The forecast is for a smaller than usual French wheat harvest this year. With wheat-producing states in the US such as Kansas and Oklahoma also suffering in drought conditions, a poor harvest in France this year could be particularly significant – and could lead to wheat prices rising even higher in the short term.

At the height of the pandemic, president of the Fédération nationale des syndicats d’exploitants agricoles (FNSEA) Christiane Lambert told Les Echos that there were two key pillars to ensuring food security and independence in France – the ability to produce and the ability to store. 

“No one bought French flour anymore because foreign flour was cheaper,” Lambert said. “So we produced less.

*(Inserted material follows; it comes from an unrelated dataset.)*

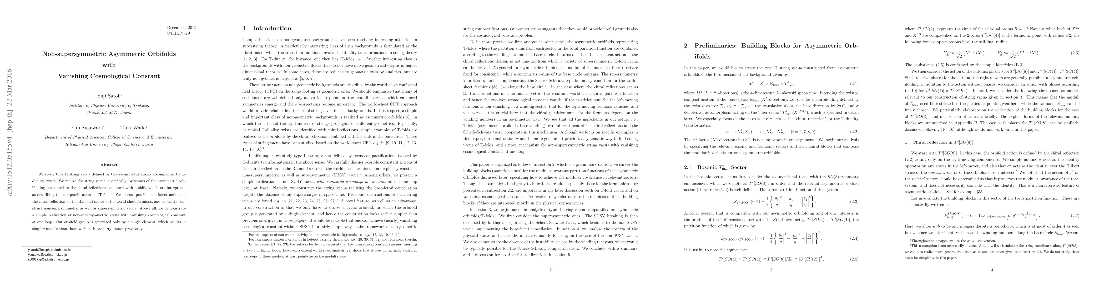 This paper explores type II string vacua using asymmetric orbifold constructions with T-duality twists, leading to non-supersymmetric models with a vanishing cosmological constant. The study focuses on simplified models generated by a single orbifold group element, demonstrating a concrete realization at the one-loop level.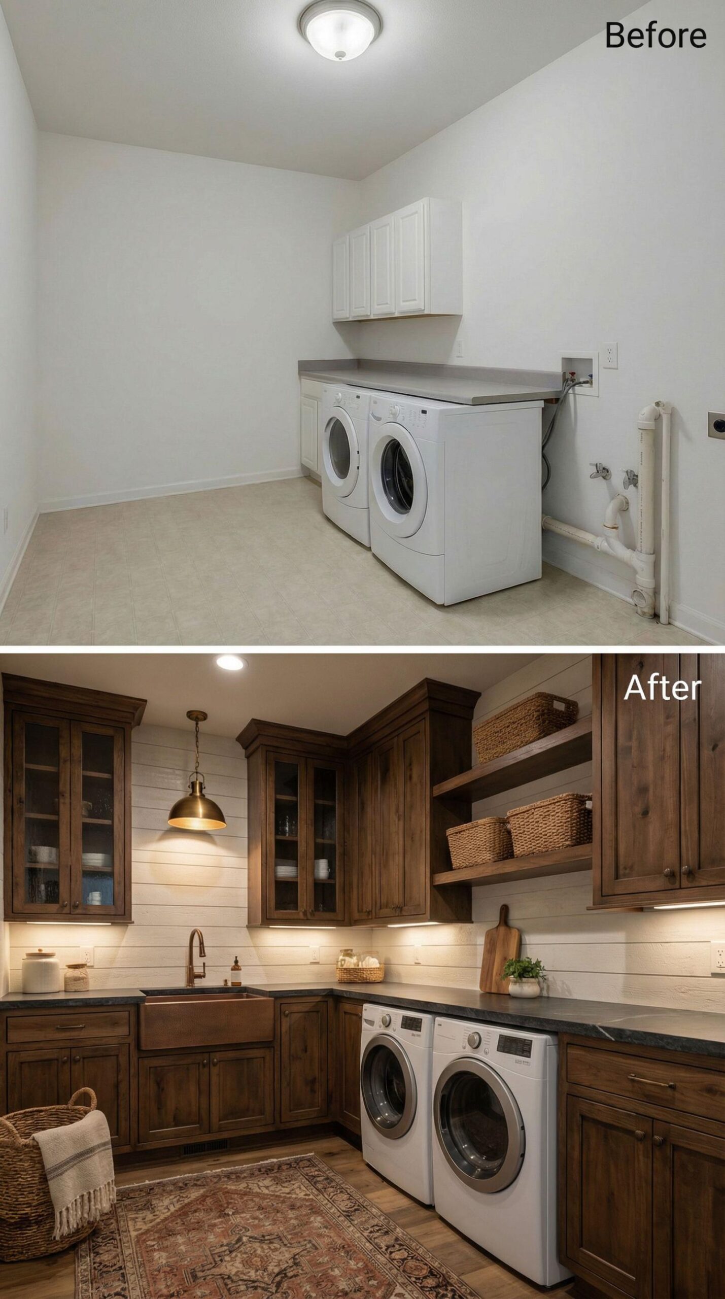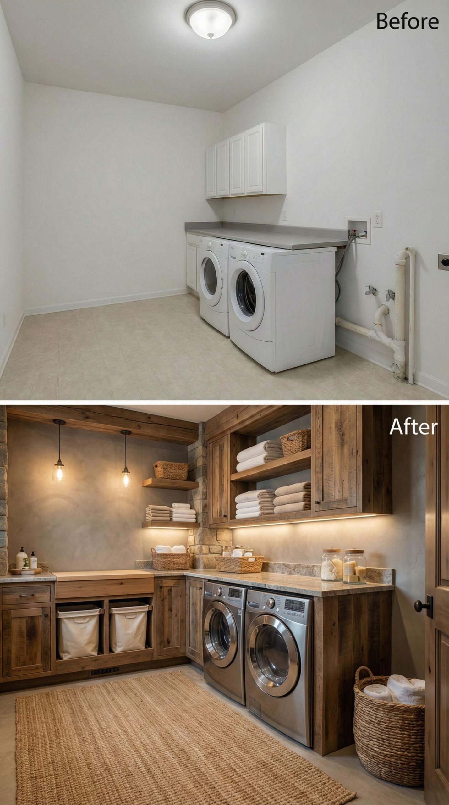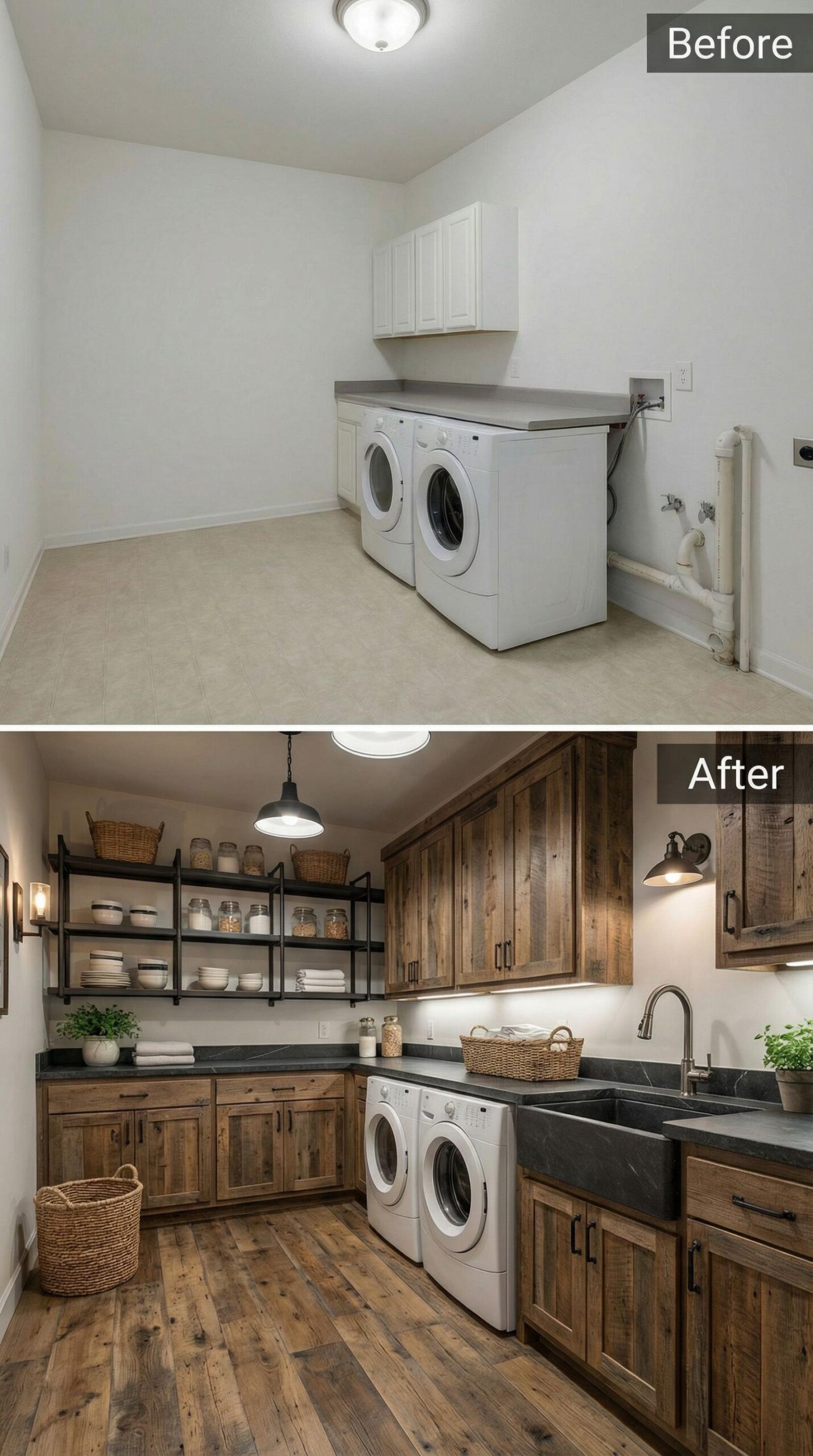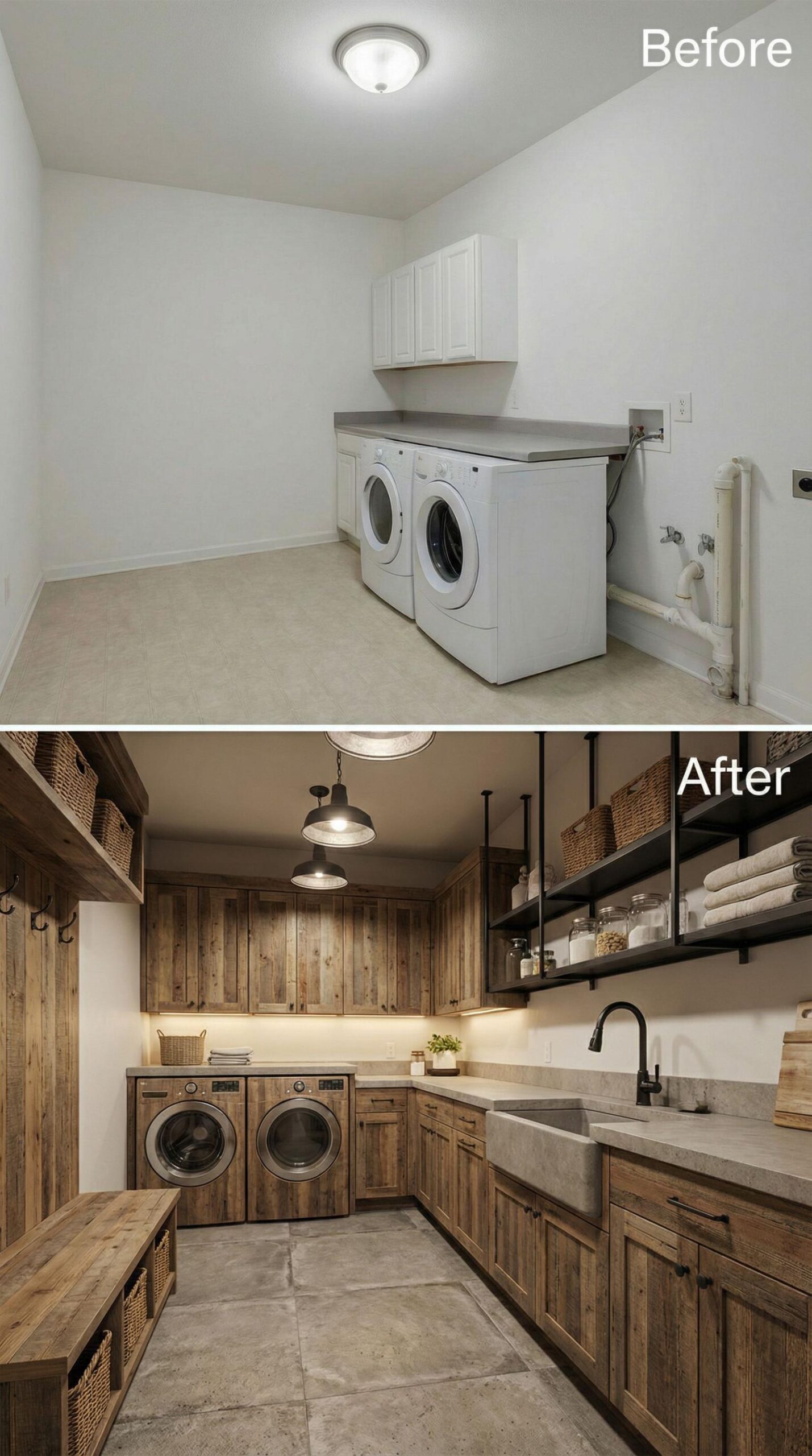 From Builder-Grade Basics to Rustic Farmhouse Laundry Haven

But with the coronavirus crisis, it was necessary to respond to demand and therefore relaunch the production lines by running them day and night to avoid shortages.”

French agriculture was able to meet the challenge then. “We have in France a complete ecosystem which allows us to control all the links in the food chain … It must be preserved if we want to be sovereign over our food,” Lambert added.

But there would need to be a change in philosophy about food, according to Les Republicains’ senator Laurent Duplomb.

In France, “entry-level” agricultural products are mainly imported, since authorities have insisted on reorienting domestic production towards quality over quantity.

“We must also stop focusing on high-end agriculture because food sovereignty means being able to produce for everyone,” Duplomb said back in 2020. 

“The risk in a few years is to have two French consumers. The first will have the means to buy top-of-the-range French products, the second will be condemned to consume only imported products since France will no longer produce them.”